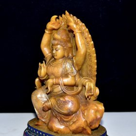 回流老货 寿山石田黄石人物摆件 原石原色雕刻 雕工精细 结晶体结构 包浆老气 磨损自然 尺寸:13*7*17厘米(含底座高)净高14厘米 重量:842克
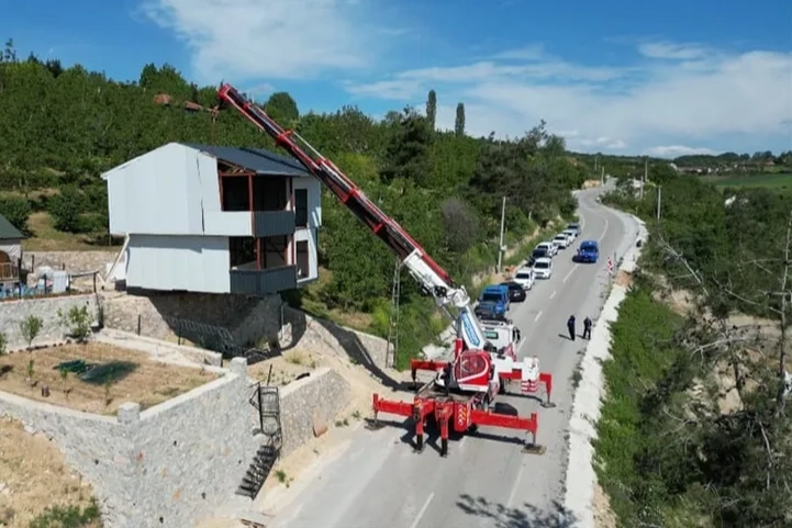 İnegöl Belediyesi'nce Şipali Mahallesi'nde gerçekleştirilen denetimlerde tarım alanına kaçak yapılan villanın sahibi 33 yaşındaki Mesut Yavuz 3 katlı çelik konstrüksiyon yapıyı vinç ile taşıdı.
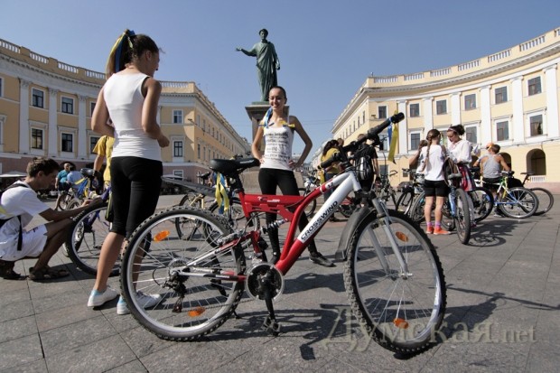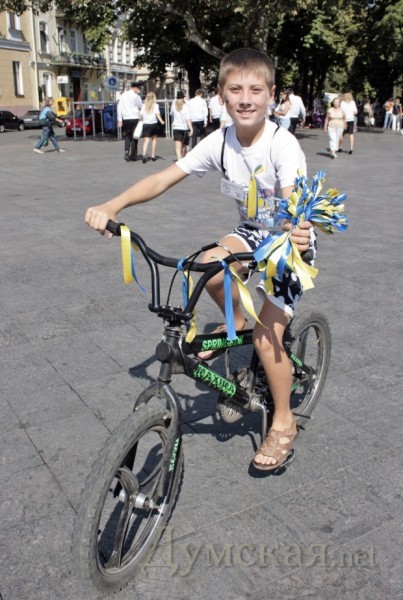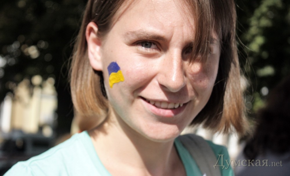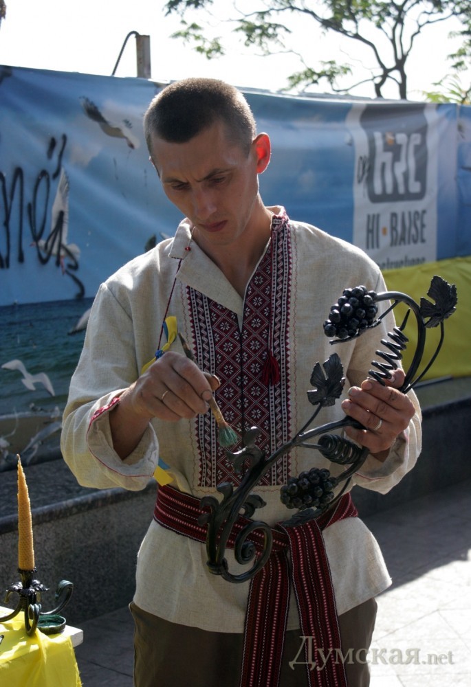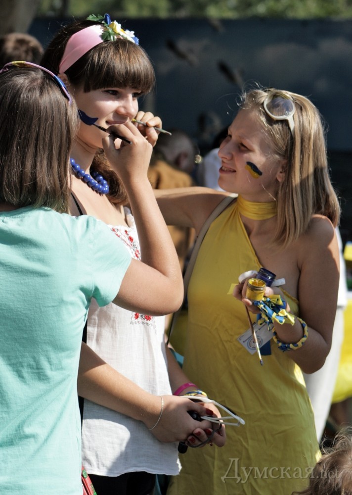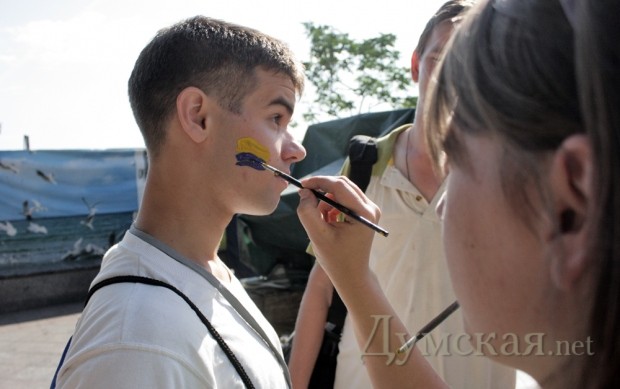 На Приморском бульваре постоянно работают и художники боди-арта. Всех желающих они разрисовывают национальными орнаментами и символами цвета государственного флага. Прохожим раздают сине-желтые ленточки.

> **Your objective**: Every line from the start of the material through the line containing "İnegöl Belediyesi'nce Şipali" is needed exactly as written; the pictures are not.

> **Result of the exercise**:
 回流老货 寿山石田黄石人物摆件 原石原色雕刻 雕工精细 结晶体结构 包浆老气 磨损自然 尺寸:13*7*17厘米(含底座高)净高14厘米 重量:842克
 İnegöl Belediyesi'nce Şipali Mahallesi'nde gerçekleştirilen denetimlerde tarım alanına kaçak yapılan villanın sahibi 33 yaşındaki Mesut Yavuz 3 katlı çelik konstrüksiyon yapıyı vinç ile taşıdı.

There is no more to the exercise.